Most nodes declare it. Derived nodes get one auto-assigned
({ref}`see below <gep-10-auto>`); the framework-injected date nodes get theirs from the
framework (`policy_year` is in years, etc.). So `UNSET_UNIT` has a single meaning — *no
declaration was made* — which the mandatory-units check always reports as an error, with
no second "legitimately blank" reading to disambiguate.

Beyond the core enumeration, the full vocabulary adds one set of **concrete currency
tokens** per registered currency ({ref}`see Currency <gep-10-currency>`); the
currency-dimensioned rows of the table above are the *agnostic* tokens.

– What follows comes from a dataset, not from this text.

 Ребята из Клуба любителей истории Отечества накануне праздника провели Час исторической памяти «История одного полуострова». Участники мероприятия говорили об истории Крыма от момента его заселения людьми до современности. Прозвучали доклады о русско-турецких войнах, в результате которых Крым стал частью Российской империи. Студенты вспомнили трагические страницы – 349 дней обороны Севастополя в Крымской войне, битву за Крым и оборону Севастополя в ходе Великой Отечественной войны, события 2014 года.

The core
enumeration lives in `ttsim`, is shared by all downstream packages, and grows only by an
upstream PR; each package's params JSON schema stays statically enumerable, listing the
core tokens plus its own currency tokens.

### pint runs at build time only

The foundational constraint is that pint never wraps a live array. A `pint.Quantity` is
not a JAX pytree and does not trace under `jit`; wrapping runtime columns would fight
both JAX and the GEP-9 `FloatColumn` vocabulary. Instead, pint is used in two build-time
roles:

- to compute conversion **factors** (time and currency), which are baked into the
  compiled workers as plain numeric constants; and
- to run the **dry-run** dimensionality check on representative `Quantity`s.

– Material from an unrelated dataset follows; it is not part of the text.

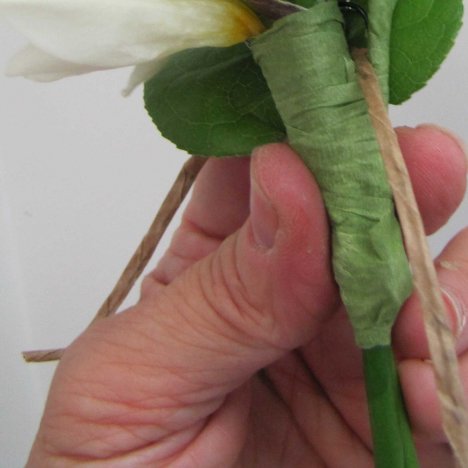 Hook the cut edge of the Bindwire between the stems of the flowers at the top.

The numeric runtime path stays pure arrays, single currency, and JAX-safe. Time is a
first-class pint dimension here: the conversion factors are sourced from pint
(`Quantity(1, "year").to("month")`), while the suffix auto-generation and naming follow
the {ref}`GEP 1 <gep-1>` conventions.

(gep-10-periods)=

### Units, suffixes, and periods

A flow token is completed by exactly one period source; complete tokens admit none. The
period comes from the **name suffix wherever a name or key can carry one**, and from
`reference_period` only where it cannot:

| node kind                                 | flow period from              | `reference_period` |
| ----------------------------------------- | ----------------------------- | ------------------ |
| column / policy function                  | name suffix `_y/_q/_m/_w/_d`  | forbidden          |
| scalar parameter / string-keyed dict leaf | name (or key) suffix          | forbidden          |
| integer-keyed dict leaf                   | dict-level `reference_period` | required           |
| mapping parameter axis                    | `reference_period`            | required           |

Where the suffix supplies the period it is also *mandatory and exclusive*: a time suffix
requires a `…_FLOW` token and a `…_FLOW` token requires a time suffix, so a complete
token on a suffixed name — or a flow token on an unsuffixed one — fails at build. This
makes the {ref}`GEP 1 <gep-1>` convention machine-checked: a node named `…_m` whose body
computes a stock cannot be declared. Because `reference_period` is forbidden there,
there is nothing to reconcile; only where no name carries a suffix (integer keys,
schedule axes) is `reference_period` functional.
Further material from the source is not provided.